Thursday, January 14, 2010

Sleep is good, dumbass!

So I stayed up until 6am on Tuesday night, resulting in posting delays both yesterday and today.  I got up and did yoga @ 7am both days, and I was reasonably awake yesterday save a couple short cat naps, but today I really got hit with exhaustion despite sleeping 7+ hours last night.

So I'm learning a few things about the diet:  I don't really get hungry anymore.  I get cold and tired.  I've learned that if I'm cold or tired, it means I need to drink.  If I drink some room temperature juice when cold I actually warm up and wake up, too.  However refrigerator temperature juice doesn't warm me, and makes me colder.  After yoga yesterday, I came home and made a ginger zinger for myself.  On only 1 hour of sleep, I drank it ice cold without thinking, hoping the spice in it would give me energy.  It did the opposite. I got frozen and cold and huddled in bed for an hour.  At night, I made a super-garlicy juice, too, and the same thing happened - except this time it was room temperature.  I've got to cut back on the amount of strong spices like garlic and ginger I put in.  I figured more was better, right?  No.  Too much of either is too much for my stomach to handle.   A shot or two of something that strong is ok, 800 mL of it is not. Without further ado, here are my juices from yesterday.

Day 5 juices:


Juice A: ginger, lemon, mustard greens, parsley and base. 800 mL.
Juice B: apple, bok choy, and base 1.5L.
Juice C: Arugala, spinach and base. 1L.
Juice D: Aloe, carrot, broccoli, cilantro, and base. 1L.
Juice E: garlic greens, burdock root, sprout medley, and base. 1L.

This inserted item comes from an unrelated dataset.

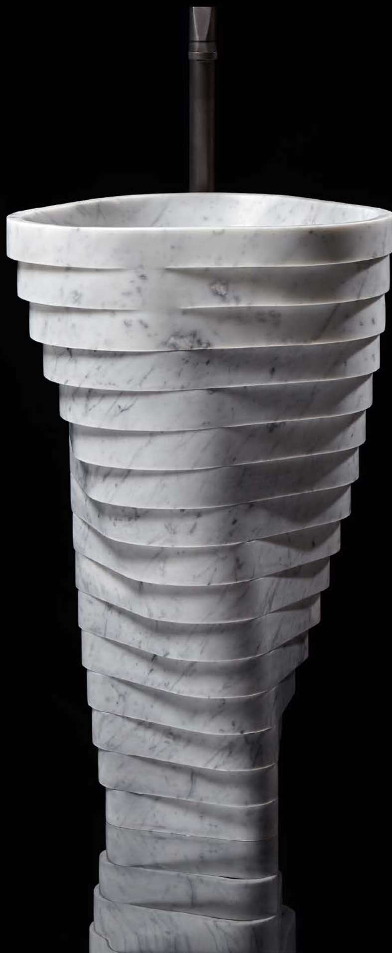
LAVABI FREESTANDING FREESTANDING SINKS

The thing about the feast is that I'm losing weight.  Not obscenely fast, mind you, but I'm losing weight, which means my body is using up its energy reserves.  Since it's winter, I'm constantly cold.  I'm working on adjusting my caloric intake.  I'm taking in a lot fewer fruits and root veggies, so I think my caloric intake is lower than typical juice feasters.

I posted the following on the Green Room forums:

I started making nutrition calculations based on the unjuiced weight of veggies using www.nutritiondata.com, as suggested on Day 26 of the 92-day course. However, we obviously don't ingest the full raw vegetable, so these data are inaccurate. How much nutrition gets lost with the pulp? Can I simply pro-rate all the nutrition by weight and attribute the lost calories and nutrients to the pulp?

A different way of asking the question would be: What should I target as a total daily calorie count for the unjuiced raw fruits and vegetables. I find I am juicing approximately 12 lbs of greens and that comes to 1600 calories according to www.nutritiondata.com.  That is a bit low, so I'm guessing I have to up my intake.